Его недостатками является недостаточная информативность и сложность: значительные ошибки в измерении площади лизиса из-за незначительных различий оптических плотностей между лизированной и интактной зоной, а также из-за нарушения горизонтального положения пластин; невозможность определения ингибиторов ФАМ; требуется титрование такого нестойкого реактива, как раствор тромбина; трудность изготовления фибриновых пластин.
В состав набора входит азофибрин, плазминоген, концентрированный фосфатный буфер. Для работы необходимы следующие материалы, реактивы и оборудование: 5 M раствор NaOH, дистиллированная вода, вата, шприцы на 5-10 мл, термостатирующая водяная баня на 37oC , центрифуга, спектрофотометр или ФЭК, торсионные весы с погрешностью не более 0.1 мг, стеклянные пробирки. Подготовка к работе состоит из нескольких этапов:1. Выполняется разведение концентрированного буферного раствора и тщательное перемешивание на магнитной мешалке. 2. Приготовление рабочего раствора плазминогена. Он может храниться не более 3 часов при комнатной температуре. 3. Подготовка мочи. При наличии видимых осадков ее центрифугируют. 4. Подготовка навесок азофибрина. Его развешивают по 10 мг в 25 пробирок. Хранится длительное время в сухом помещении. 5. Подготовка шприцов. Их набивают ватой однородной толщины 0.5 см. Затем в 2 пробирки (1 – испытуемая, 2 – контрольная) с азофибрином добавляют рабочий буферный раствор, затем плазминоген, после чего в 1 вносят испытуемую мочу.
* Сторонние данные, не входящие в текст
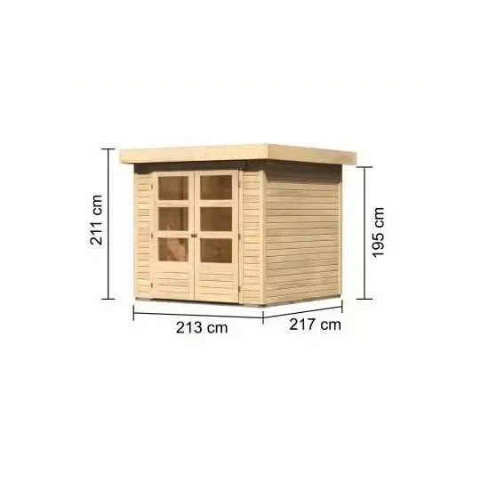 Egal ob modern, klassisch oder elegant, das Gartenhaus Askola 2 passt in jede Gartenatmosphäre. Mit den Außenmaßen (B x T) von 213 x 217 cm hat er die perfekte Größe, um Gartengeräte aufzubewahren oder einen gemütlichen Ort zum Entspannen im eigenen Garten zu schaffen. Das Haus ist auch mit aufgesetztem Dach in den Breiten 2,40 m oder 2,80 m erhältlich. Es eignet sich perfekt als Stauraum für Gartengeräte oder als gemütliche Sitzgelegenheit bei Grillabenden. Nichts hindert Sie daran, an einem regnerischen Sommertag sicher zu grillen.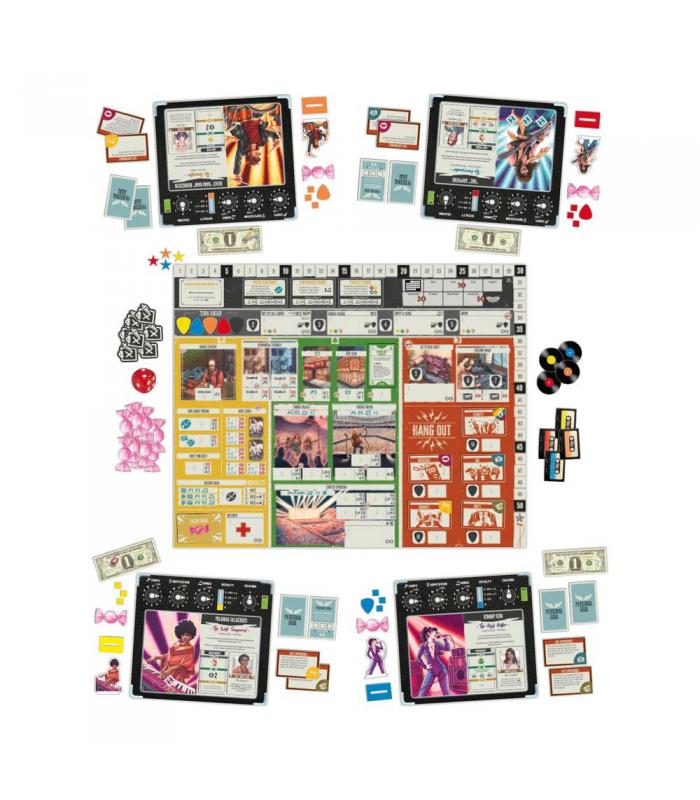 Rock Hard: 1977 incluye numerosos componentes que permiten recrear la progresión de una banda hacia el éxito, con tableros de personaje, cartas, fichas y otros elementos de gestión de recursos.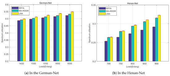 Comparison of spectrum utilization in (a) German-Net and (b) Henan-Net.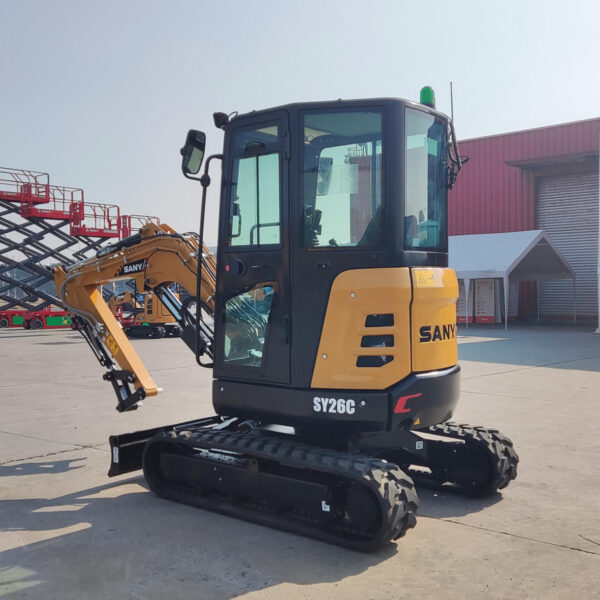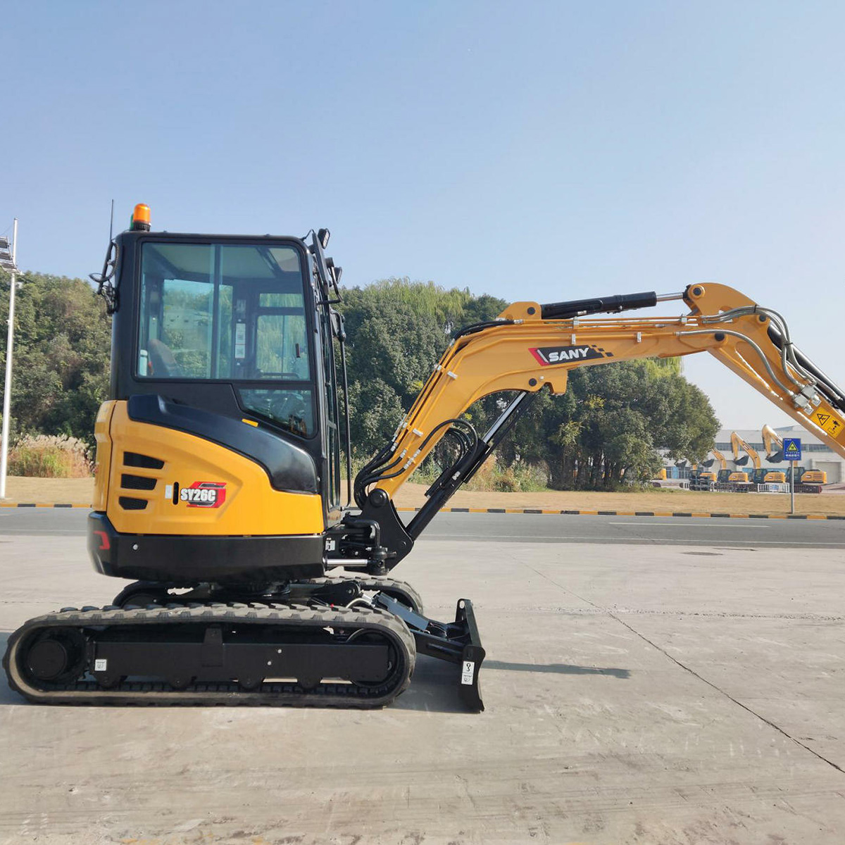 SANY SY26C to minikoparka o krótkim promieniu obrotu, która łączy kompaktowe wymiary z imponującą wydajnością. Zoptymalizowana pod kątem pracy w miejscach o ograniczonej przestrzeni, takich jak budowy miejskie, ogrodnictwo czy rolnictwo. Dzięki niskiej masie własnej umożliwiającej łatwy transport i bezpiecznym punktom mocowania, SY26C jest wyjątkowo mobilna.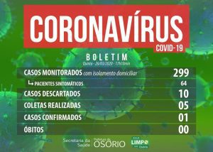 Osório atualiza números do coronavírus: 299 casos monitorados
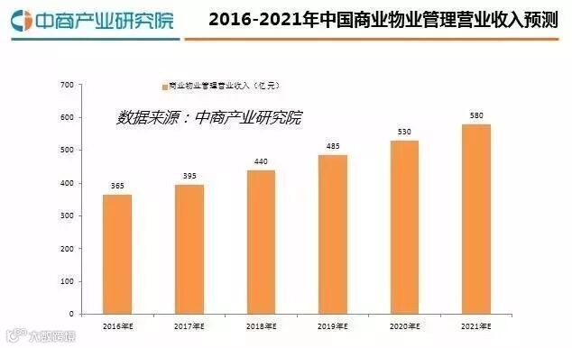 伴随着我国商业地产的蓬勃发展,我国商业物业管理行业发展空间巨大。中商产业研究院预测,到2021年,我国商业物业管理行业营业收入将达到580亿元。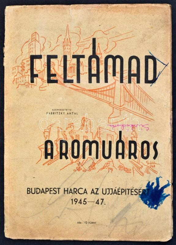 Feltámad a romváros. Budapest harca az ujjáépítésért. 1945-47. Szerk.: Fabritzky Antal. Bp., Légrády Rt.-ny., 51+1 p. Fekete-fehér fotókkal illusztrált. Kiadói papírkötés, szakadt, foltos borítóval.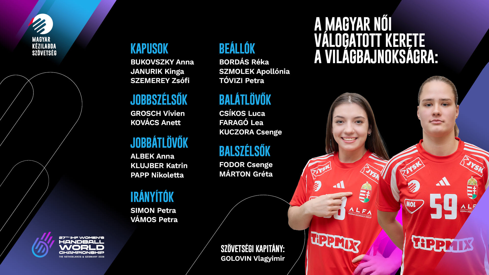 Главный тренер сборной Венгрии Владимир Головин определился с составом на женский чемпионат мира-2025.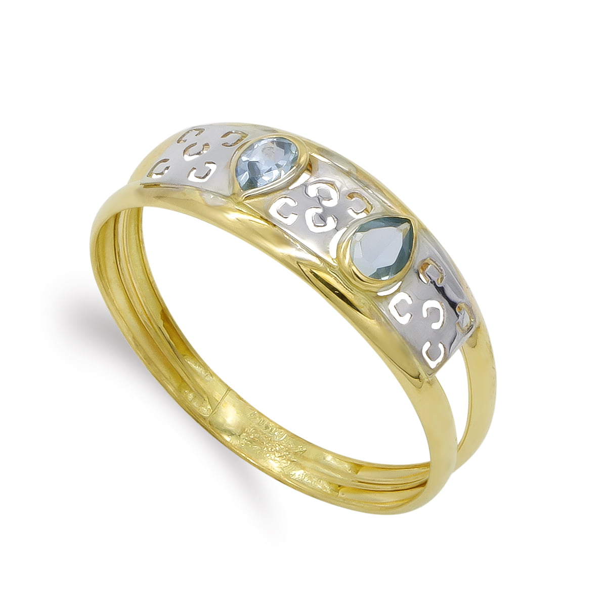 18K SORTIJA BICOLOR PIEDRAS AGUA MARINA 4 X 3MM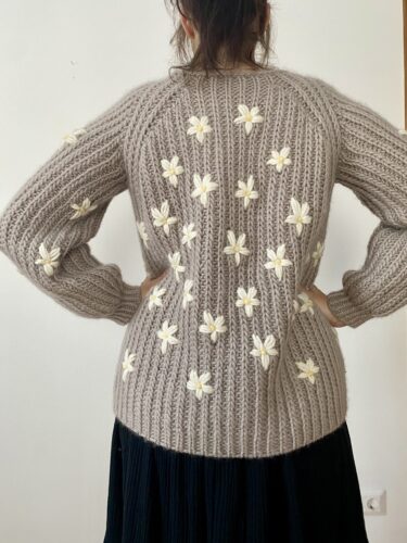 Embroidering flowers on your knitted pieces is a wonderful way to add personality and a touch of whimsy to your garments. For my Fluffy Daisy Cardigan, I chose classic straight stitch daisies and scattered them across the fabric for a soft, garden-inspired look. This simple technique allows the flowers to blend beautifully with the brioche stitch, creating a playful effect that feels both elegant and cozy.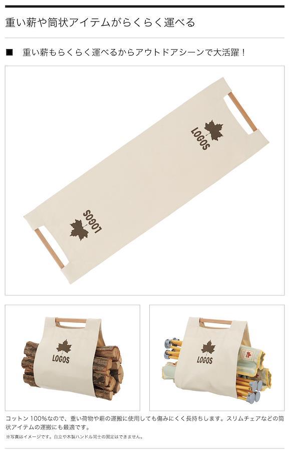 総重量:(約)240gサイズ:(約)89×29.5cm主素材:コットン、木材重い薪が楽々運べる。スリムチェア等の筒状アイテムの運搬にも最適。

Пробы инкубируют 1 час на водяной бане при 37oC. После инкубации в обе пробирки добавляют дистиллированную воду, интенсивно перемешивают и фильтруют путем продавливания через шприц. К фильтратам добавляют раствор NaOH, после чего раствор мгновенно окрашивается от оранжевого до красного. Параллельно для исследуемой мочи готовят 1 контрольную пробу, прибавляя к моче дистиллированную воду и раствор NaOH. Оптическую плотность фотометрируют против дистиллированной воды на спектрофотометре при 440 нм или ФЭК-М с синим светофильтром при длине оптического пути 1 см. Урокиназную активность рассчитывают в % по формуле: УК (E1-Eк) K, где E1 – оптическая плотность в 1 (испытуемой) пробирке; E2 – сумма поглощений в контрольных пробирках на азофибрин и мочу; K – расчетный коэффициент, который выводится для каждой серии наборов при исследовании пула мочи 20 здоровых доноров.
Недостатки метода: сложность, многоэтапность, плохая воспроизводимость в связи с указанным коэффициентом пересчета (K); неточность взвешивания азофибрина, снижение активности компонентов набора в результате несоблюдения условий хранения.
Положительным результатом заявляемого способа является повышение информативности, простота исполнения и расширение диагностических возможностей (способ позволяет прогнозировать течение и исход заболевания, предупреждать рецидивы заболевания, объяснить причину повышенной кровоточивости). По результатам исследования ФАМ заявляемым способом можно проводить корригирующую терапию.
Положительный результат достигается тем, что дополнительно используют цельную кровь и мочу больного как физиологическую модель, одновременно определяют фибринолитическую активность крови (суммарную и неферментативную) и общую ФАМ (суммарную и неферментативную) и по разнице судят об истинной урокиназной ее активности.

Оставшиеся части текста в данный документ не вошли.